Он зло усмехнулся и покачал головой.

— Вы оттуда?

— Да! А вы?

Я взглянул на его галуны, на шифр. Лейтенант марокканских стрелков. Похоже, что он лишь недавно прибыл из Марокко. Однако у него на груди военная медаль. Ну, что ж! Ее можно было получить и там.

— Я-то уже довольно давно оттуда, — сообщил я.— Сейчас вот еду в Италию. Удираю.

Он сдвинул брови в ответ на мою откровенность. Глядя на его шифр, я вдруг что-то вспомнил.

— Да ведь вы были под Верденом!

— Да, я был там, — подтвердил он, поджимая губу, заросшую короткими усами.

Я решил не отставать от него.

— Неважно там, а?

Внезапно он отдался порыву.

— Омерзительно, — проскрежетал он.

Теперь дорога для беседы была открыта.

— Вы возвращаетесь в Марокко?

Его разозлила моя догадка. Он только взглянул на меня, но ничего не ответил.

Тогда я заметил, что он более пьян, чем мне казалось раньше. Только теперь он разглядел мои нашивки. Он увидел, что я не офицер, и опять нахмурил брови.

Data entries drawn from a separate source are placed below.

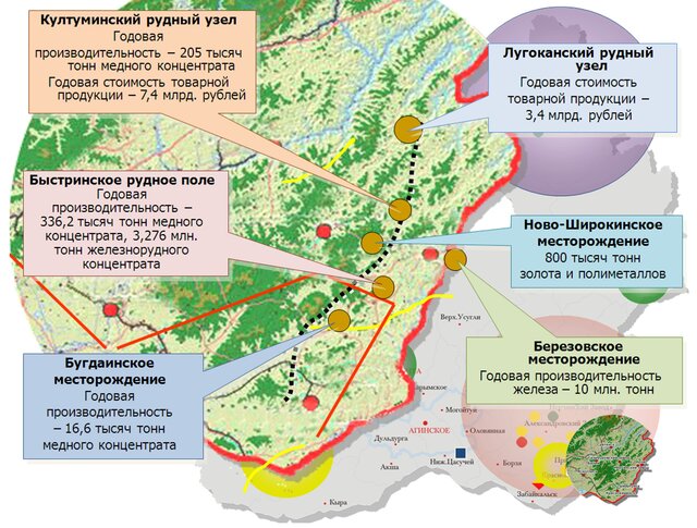 Предприятие сможет производить 66 тыс. тонн медного концентрата, 3,1 млн тонн железорудного концентрата и 219 тыс. унций золота в концентрате ежегодно. Срок эксплуатации месторождения - более 30 лет.
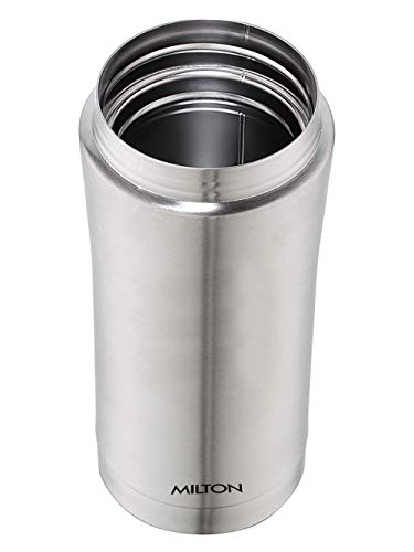 Ideal beverage carrying solution whether you prefer having your own coffee or tea at office or like to have a fresh cup of buttermilk or your favourite fruit juice the Milton Optima Thermosteel flask is the perfect solution for your beverage consumption needs. Its compact size makes it an easy fit in most office bags and backpacks adding to its portability feature. Use this flask to carry tea coffee fruit juices lassi and other beverages wherever you go. Unique design with temperature retention a rich steel finish on the outside the Milton Thermosteel Optima flask helps make a style statement wherever you carry it along. The insulation ensures that your beverages stay hot or cold for hours for a perfect consumption experience. Furthermore it features a separate compartment for carrying sugar medicine or tea bags on the go. Easy to use clean and maintain using this Milton Thermosteel Optima flask is an easy task as you simply have to fill it up with your favourite beverage preferably to the brim to maintain temperature for a long time. It is easy to clean as you simply need to use a mild soap solution and avoid strong detergents to keep it looking new for a long time. To avoid odours developing over time keep the flask lid open when not in use.
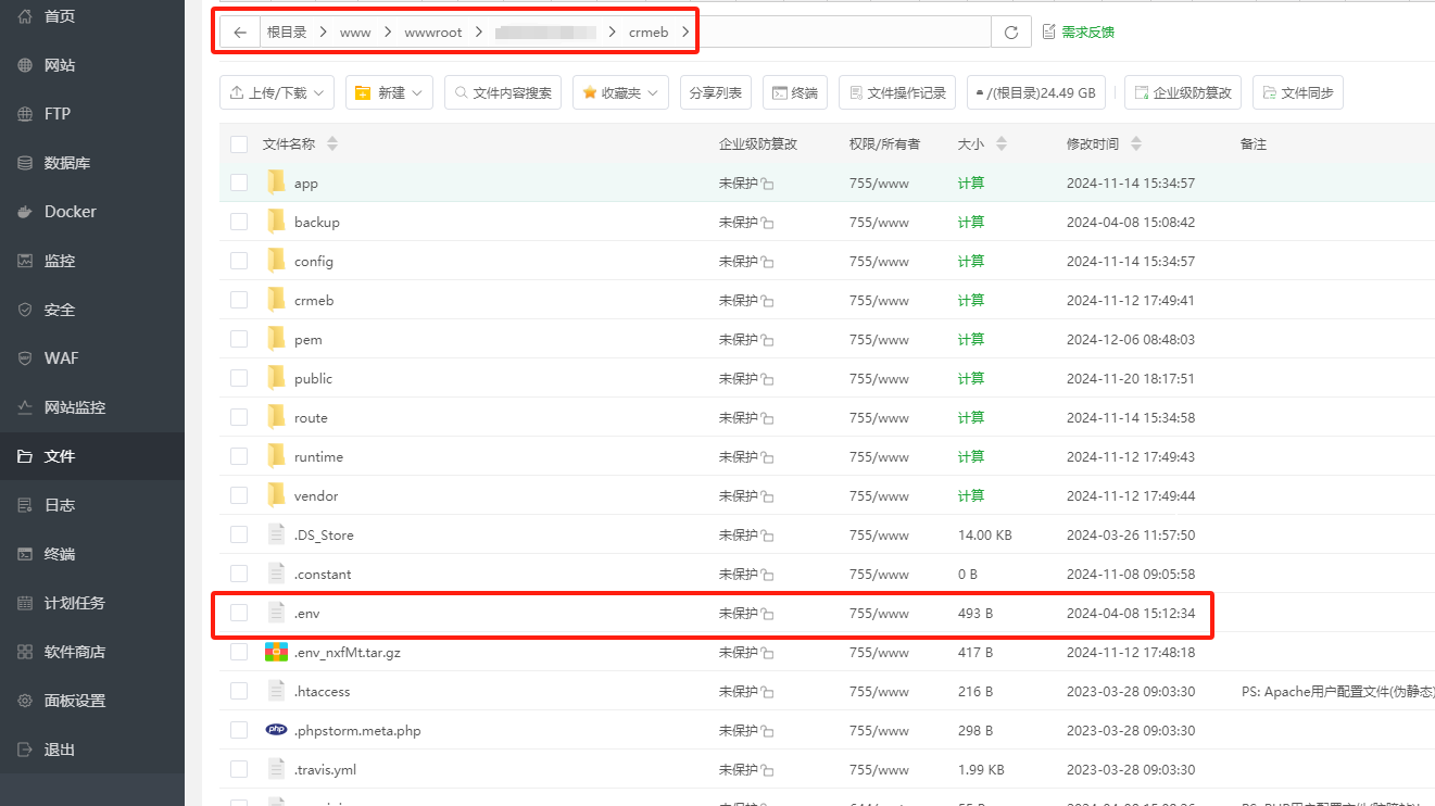 .env为连接数据库配置文件,安装完系统会自动生成这个文件
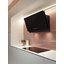 Вытяжки с наклонной фронтальной панелью позволяют освободить пространство над варочной панелью, при этом мощность забора воздуха не страдает от конфигурации модели. Такими вытяжками удобно управлять, так как кнопки обычно находятся спереди, доступ к ним максимально облегчен. Зачастую есть всасывание по периметру.
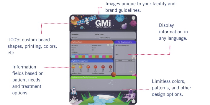 Studies have shown that including a patient room board leads to an improved experience. For inpatient care, havingthe attending physician and nurse, medication schedule, and goals for care written can improve patient satisfaction with communication. This can help put a parent’s mind at ease and focus on their child.
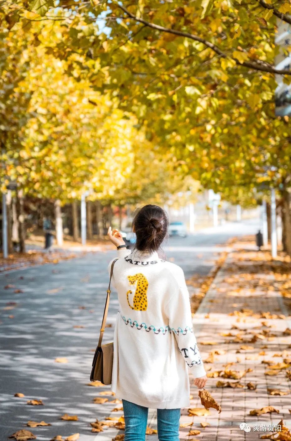 漫步向前走去,欣赏着这个季节最温柔的馈赠,脚下时不时踩到落叶发出沙沙的响声,此刻,宁静又美好。
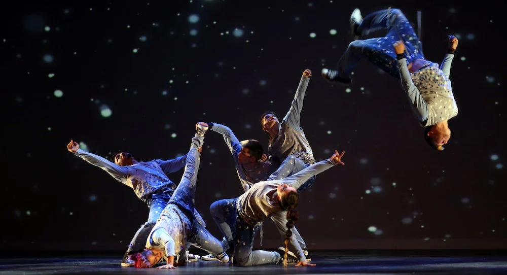 A violinist enters and starts playing a virtuosic solo against a projected nighttime backdrop. A beat comes in behind the violin and dancers soon follow. Duets inspired by secret handshakes and creative scarf-ography fill the stage –– this must be the party scene. The choreography features a mixture of complex and simple movement that’s tastefully understated and musical. The performers’ facial expressions feel genuine, and they all wear black, white and gray street clothes.
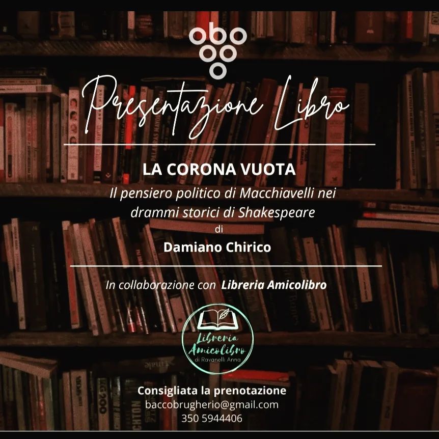 Lunedì 14 novembre, alle 20:00, vi aspetto da Bacco, in via Cavour 1, per la presentazione del mio libro “La corona vuota” in compagnia di Libreria Amicolibro: fra Machiavelli, Shakespeare e un buon bicchiere di vino…
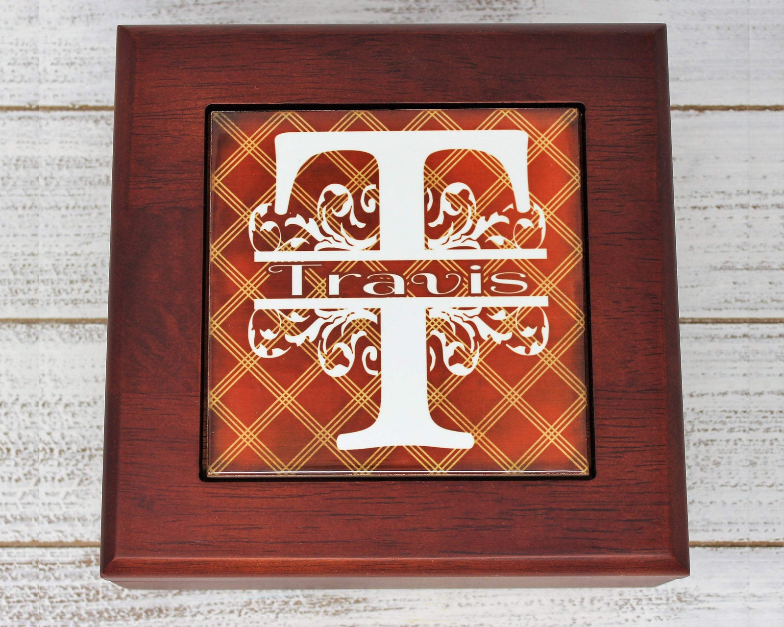 Personalized Coasters | Custom Stone Coaster Set | Faux Wood Burgundy | Set of 4
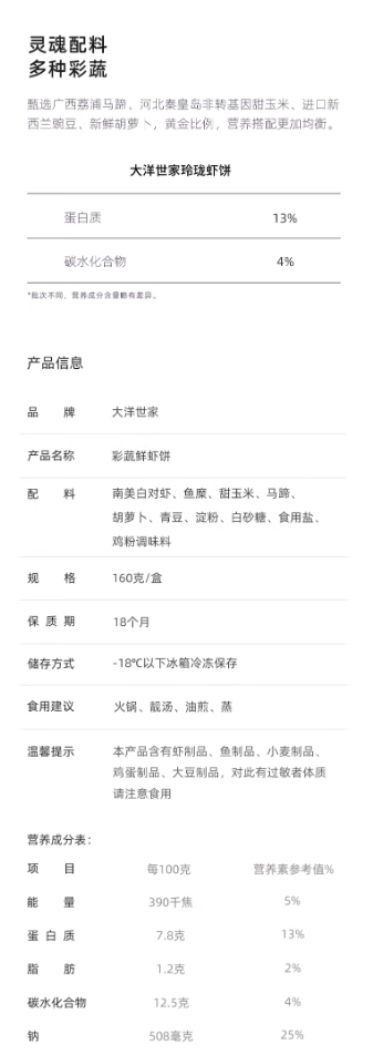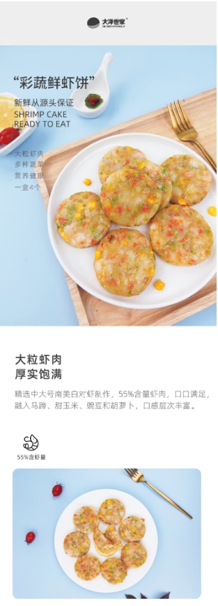 大洋世家果蔬鲜虾饼160g/袋方便营养蔬菜虾排早餐

— Конечно, я не офицер, — спокойно сказал я, как если бы он высказал свое наблюдение вслух. — Плохой из меня был бы офицер.

Его раздражало, что здесь, в баре, офицеры смешаны в одну кучу с простыми солдатами, если у них есть деньги. Но им владела неутолимая потребность говорить, и мне удалось заставить его разговориться.

— Почему вы уезжаете в Италию? — выжал он из себя.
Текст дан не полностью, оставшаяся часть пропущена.